After the lockdown

Emerging from a lockdown spent grieving brings mixed emotions.

Trees Sizzling Minerals

 

It’s half term and the sun is finally out. GCSE and A Level people have finished school and have endless months ahead of them. It should be a time to relax and take it easy. But there’s still a lot of insecurity around and endless months could feed into anxiety and depression, which means trying to take preventive action – some sort of job, project, DIY initiative perhaps, a loose sense of structure.

Left to their own devices teenagers would sleep all day and then spend all night rewatching Eurovision – at least in our house. Which would be fine, but it doesn’t make them feel any better about themselves. Everyone is having friendship issues and loneliness is a terrible thing at any age, but especially in teenagers, and especially teenagers who are grieving. At least they have each other.

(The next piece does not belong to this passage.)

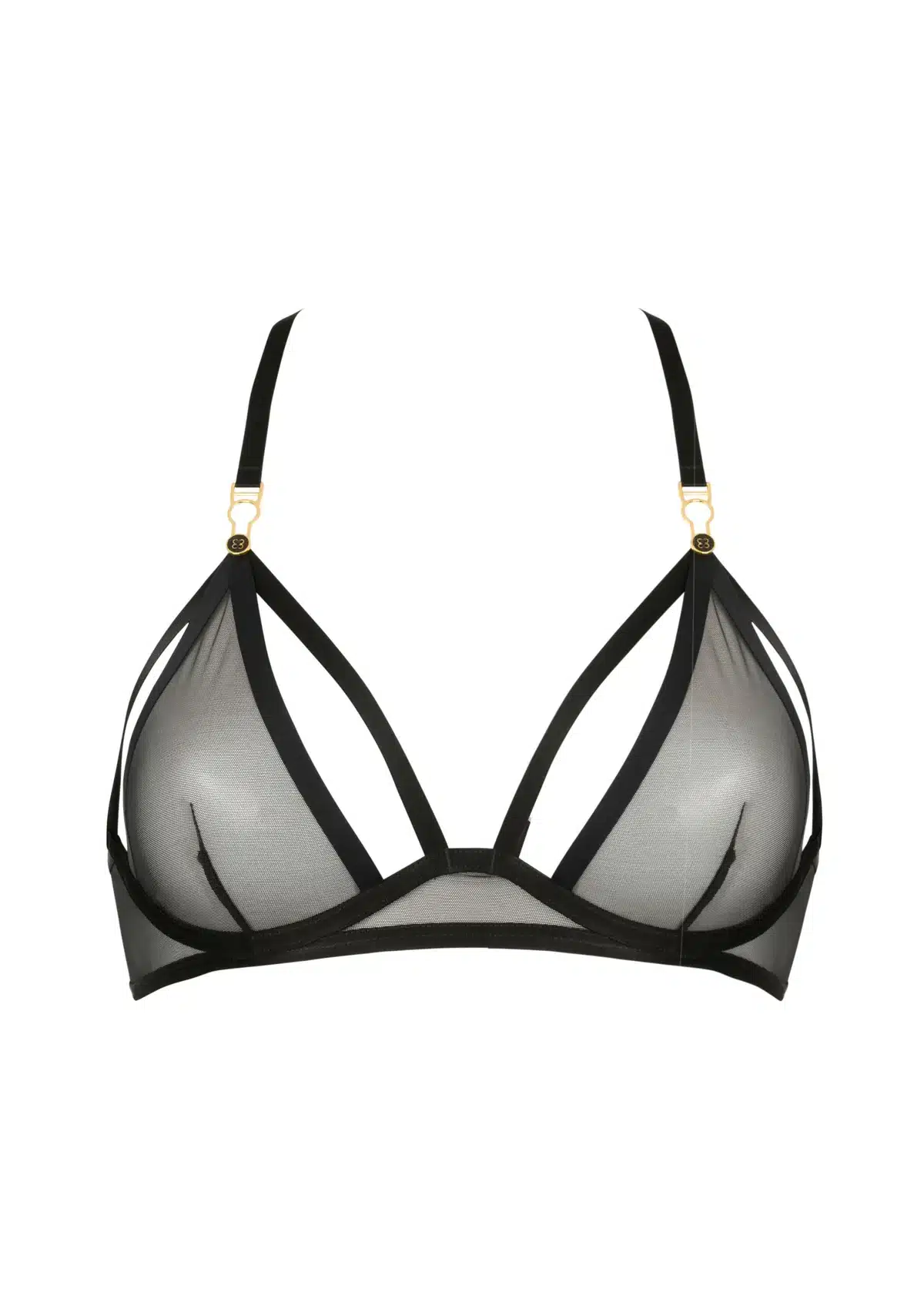 De open cup beugel bh is vervaardigd uit ultrazachte, transparante tule. De cups openen met goudkleurige knopen en juweeldetails, waardoor de borst op speelse en verleidelijke wijze wordt onthuld. De grafische rug en fijne afwerking geven de bh een moderne, luxe uitstraling.

Eurovision in our house is a huge celebration. It lasts for months, involves dressing up on the night and eating food from around the continent. Italy has now become the destination of their dreams and we already know the entire back catalogue of Maneskin, the winners. Yes, they love the songs and the glamour, but really underneath it all it is a celebration of their sister, who was chief Eurovision cheerleader. We don’t talk about her, we can’t talk about her together, but we do her all the time, we keep her here in everything we do.

Time passes, but nothing much changes. We still crawl through the days. We’ve seen people since the great Opening Up, but mostly they have not asked about the big elephant in the room, bar factual details about the police report [only just received], the inquest etc. Usually it is me asking the questions about them. Maybe that is better because what can you say? That is the thing as a parent too. You feel so completely impotent. You want to help your children. The natural instinct is to ‘make it better’, but there is no better to be had.

Instead it comes back to structure. Not a rigid one, but regular things to get you through the day. Regular times to ‘talk’ to my Nish, visit the bird box we put up for her in the forest, work…And stupid things like a hot chocolate on a Friday or a favourite meal or something small to get through the week…staging posts to help us get through all this time when we are without her in person, but our heads are full of her and every item on the news or programme on the tv seems to be about her. She’s the top score on Just Dance, she’s my son’s head on my shoulder, she’s in every drop off at the tube, every car journey, every time I go into the kitchen in the morning, in the last aisle at Tesco looking for shampoo, in all music…

And in a way being in the house on our own with her has helped over these months. It is so difficult to go out into the world to places that we went before and not be with her or be able to text her and tell her. I used to text her all the time, but usually her phone was on airplane mode and the messages didn’t get through for a while. In my head I am texting her all the time now. She’s still on airplane mode, but I hope somehow my messages pulsate out across the air.